Bug #879 PreparedStatement.setString() incorrectly processes GBK string
Submitted: 20 Jul 2003 17:57 Modified: 5 Mar 2004 14:25
Reporter: [ name withheld ] Email Updates:
Status: Closed Impact on me:
Category:Connector / J Severity:S1 (Critical)
Version:3.0.8-stable OS:Linux (linux)
Assigned to: Mark Matthews CPU Architecture:Any

[20 Jul 2003 17:57] [ name withheld ]
I'm running a mysqld 4.0.12 on a linux box. The default database charset is GBK. When I use PreparedStatement.setString() to insert a string containing double quote or single quote, the server responses a syntax error. I've traced into the PreparedStatement.java, and found that inside StringUtils.getBytes() there might be a bug when processing GBK charset bytes. In PreparedStatement.setString(), the string x will be escaped before calling StringUtils.getBytes(). But in StringUtils.getBytes(), if the transmitted string is encoded with SJIS or BIG5 or GBK, the escaped string will be escaped again. For example, pstmt.setString(1, "It's a test") will be escaped to "It\'s a test" before calling StringUtils.getBytes() in PreparedStatement.setString(), and will be escaped again to "It\\'s a test" after returning from getBytes(). 
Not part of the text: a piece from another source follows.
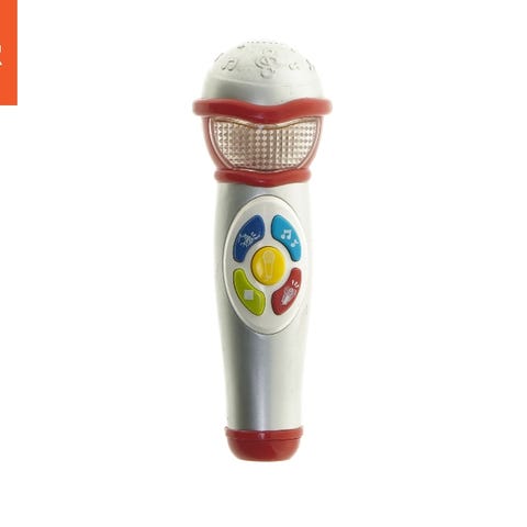Denne mikrofon er lavet af plastik og er designet til børn. Den er rød, gul og grøn med et billedmotiv på siden. Mikrofonen har en håndholdt form og en snor til fastgørelse. Størrelsen er 24,5 cm.

Charsets other than the GBK/SJIS/BIG5 should not be influenced by this error. I've tested UTF8 for a mysqld 4.1, and everything seems ok.

How to repeat:
Create a database (we use test in this case) with GBK charset, and then create a table:
create table test(col varchar(200));

Write a java program testjdbc.java:
import java.sql.*;
public class testjdbc
        public static void main(String[] args)
                throws Exception
                try {
                        Connection con = DriverManager.getConnection("jdbc:mysql://localhost:3306/test?user=jdbc&password=jdbc");
                        PreparedStatement pstmt = con.prepareStatement("insert into test(col) values(?)");
                        pstmt.setString(1, "It's a test.");
                } catch (SQLException e) {
                        System.out.println(e.getSQLState() + ":" + e.getErrorCode());
                        throw e;

Compile and run it, and you'll get the error.

Suggested fix:
I comment out the codes that write additional 0x5c in method escapeSJISByteStream() (within lines from 180 to 200) in StringUtils.java. I don't know if this is the right way to solve the problem. The only thing I know is that it solves my already emerged problems. I wonder such modifications could cause other problems.
[29 Jul 2003 7:42] [ name withheld ]
I am having the same problem of having escape character duplicatted when using preparedstatement. My personnel opinion is that it should have something to do with StringUtils.java:Line180, consider a string with big5 encoding but contains only english character. That line will make all escape character in the string duplicated, but I think think its a preferred behavior. Below is my test case:
            Connection conn = DriverManager.getConnection("jdbc:mysql://localhost/testdb?useUnicode=true&characterEncoding=big5", "", "");
            //Statement stmt = conn.createStatement();
            PreparedStatement stmt = conn.prepareStatement("insert into TestTable (TestCol) values (?)");
            stmt.setString(1, "1234\\1234\\1234\n");

If I change characterEncoding to others like gb2312, then the result will be correct.
[7 Aug 2003 15:08] Mark Matthews
This is fixed in the tree for 3.0.x and 3.1.x. If you can't wait for the release of 3.0.9 or 3.1.1, you can test a nightly snapshot of either after 00:00 GMT on August 9, 2003 from http://mmmysql.sourceforge.net/snapshots/

Thank you for your bug report, and for using MySQL!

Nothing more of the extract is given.